- Task statement -
Your task is to restate every entry below word for word and omit the images.

- Material provided -
%%
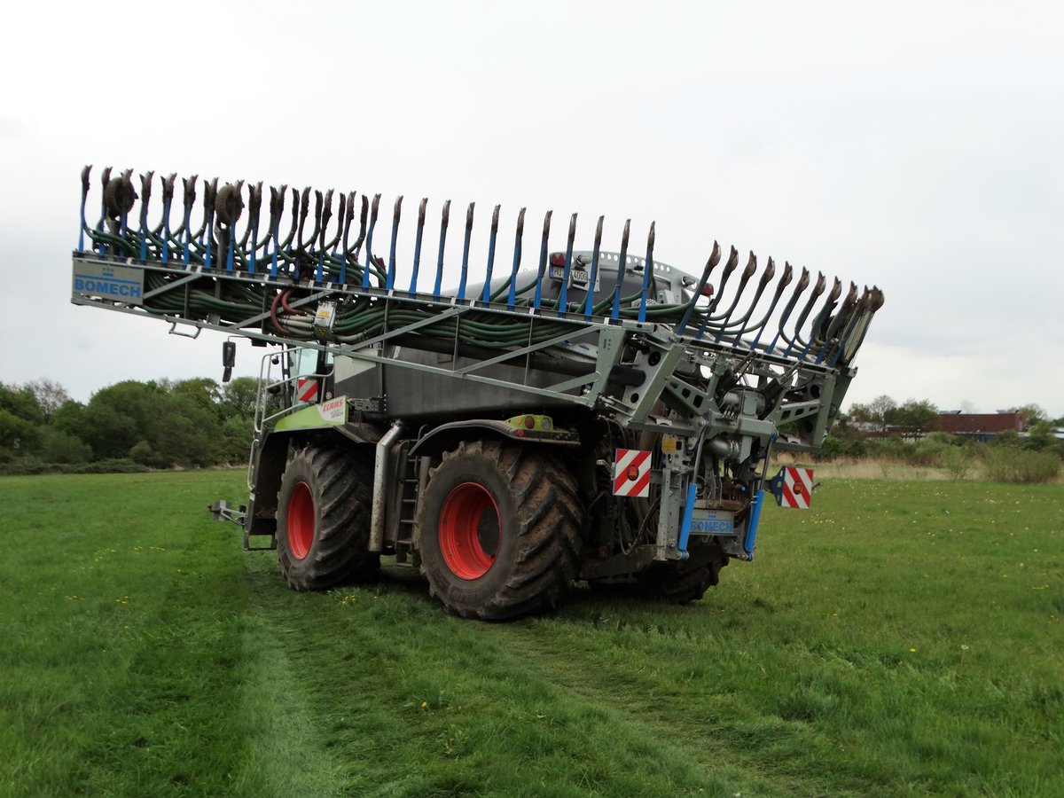 Lohnunternehmen Bauer Claas Xerion Saddle Trac mit Bomech Gülleanlage am 26.04.17 in Maintal
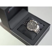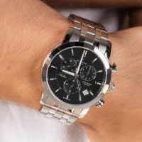 Стильный мужской хронограф из коллекции Sealine. Корпус диаметром 44-мм выполнен из полированной медицинской стали. Метки-деления и крупные стрелки с люминисцентным покрытием расположились на черном циферблате с рифленой каймой. Вспомогательные циферблаты хронографа и окошко даты дополняют дизайн модели. Завершает композицию крупный, браслет из полированной и матовой стали.
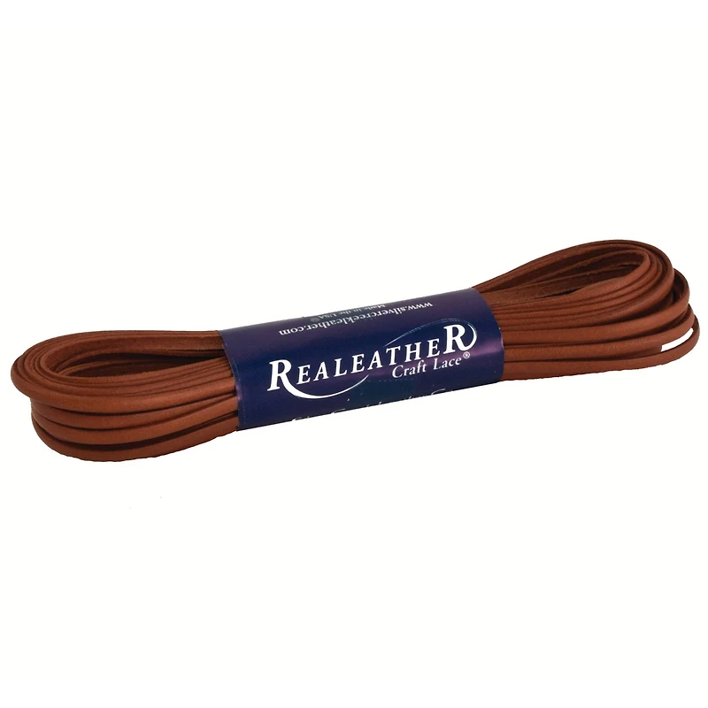 Cut from leathers that are tanned to our strict specifications, Realeather lace is strong, consistent, and flexible. Assemble fine tooled projects with this exceptional lace, which features a tight grain and smooth, glazed surface that has an attractive appearance and is pleasing to work with.Details:Available in multiple colors1/8" x 8yd.Precision cutFormed to maintain a slightly domed appearance, Easy to work withLeather
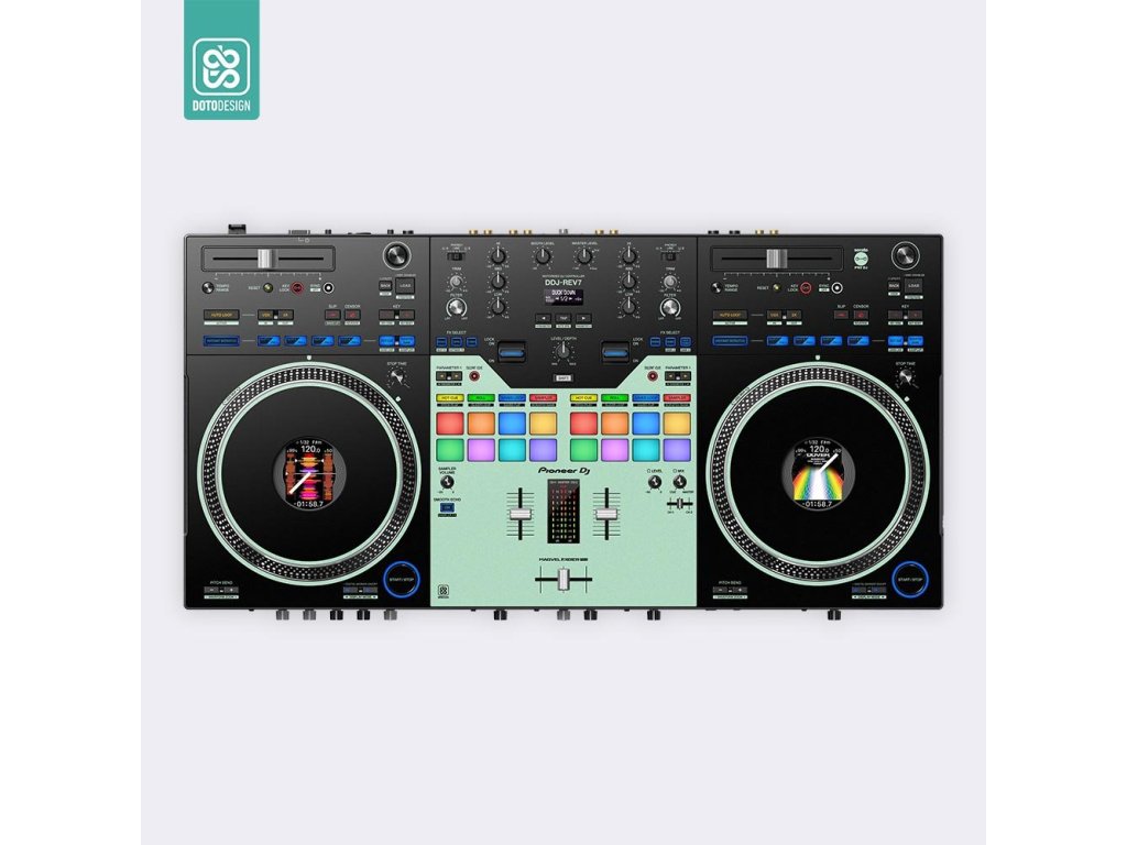 Naklejka na kontroler MIDI Pioneer DDJ-REV7 w wersji COLORS DVS, kolor aquamarine (akwamarynowy).
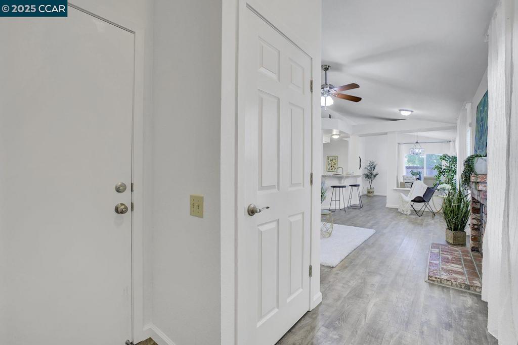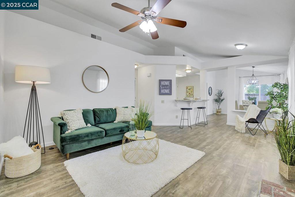This beautifully updated 3-bedroom, 2-bath single-story gem offers comfort, charm, and functionality all in one. The modern kitchen features granite countertops, crisp white cabinets, stainless steel appliances, a pantry, and a breakfast bar—perfect for casual meals or entertaining. The vaulted-ceiling primary suite is your personal retreat, complete with a custom-tiled shower. Enjoy the airy, open floor plan with spacious living and dining spaces. Fresh interior paint and stylish laminate flooring complete the inviting vibe. Step outside to a private backyard with no rear neighbors and direct Marsh Creek Trail access through your own gated entry—ideal for morning strolls or weekend adventures. The upgraded black-and-white checkered garage floor opens up creative possibilities for a studio, gym, or hobby space. Enjoy community perks like a swimming pool and playground, and take advantage of nearby Hwy 4, shopping, and restaurants. This home is ready to impress!
%%
- Task solution -
 Lohnunternehmen Bauer Claas Xerion Saddle Trac mit Bomech Gülleanlage am 26.04.17 in Maintal
 Стильный мужской хронограф из коллекции Sealine. Корпус диаметром 44-мм выполнен из полированной медицинской стали. Метки-деления и крупные стрелки с люминисцентным покрытием расположились на черном циферблате с рифленой каймой. Вспомогательные циферблаты хронографа и окошко даты дополняют дизайн модели. Завершает композицию крупный, браслет из полированной и матовой стали.
 Cut from leathers that are tanned to our strict specifications, Realeather lace is strong, consistent, and flexible. Assemble fine tooled projects with this exceptional lace, which features a tight grain and smooth, glazed surface that has an attractive appearance and is pleasing to work with.Details:Available in multiple colors1/8" x 8yd.Precision cutFormed to maintain a slightly domed appearance, Easy to work withLeather
 Naklejka na kontroler MIDI Pioneer DDJ-REV7 w wersji COLORS DVS, kolor aquamarine (akwamarynowy).
This beautifully updated 3-bedroom, 2-bath single-story gem offers comfort, charm, and functionality all in one. The modern kitchen features granite countertops, crisp white cabinets, stainless steel appliances, a pantry, and a breakfast bar—perfect for casual meals or entertaining. The vaulted-ceiling primary suite is your personal retreat, complete with a custom-tiled shower. Enjoy the airy, open floor plan with spacious living and dining spaces. Fresh interior paint and stylish laminate flooring complete the inviting vibe. Step outside to a private backyard with no rear neighbors and direct Marsh Creek Trail access through your own gated entry—ideal for morning strolls or weekend adventures. The upgraded black-and-white checkered garage floor opens up creative possibilities for a studio, gym, or hobby space. Enjoy community perks like a swimming pool and playground, and take advantage of nearby Hwy 4, shopping, and restaurants. This home is ready to impress!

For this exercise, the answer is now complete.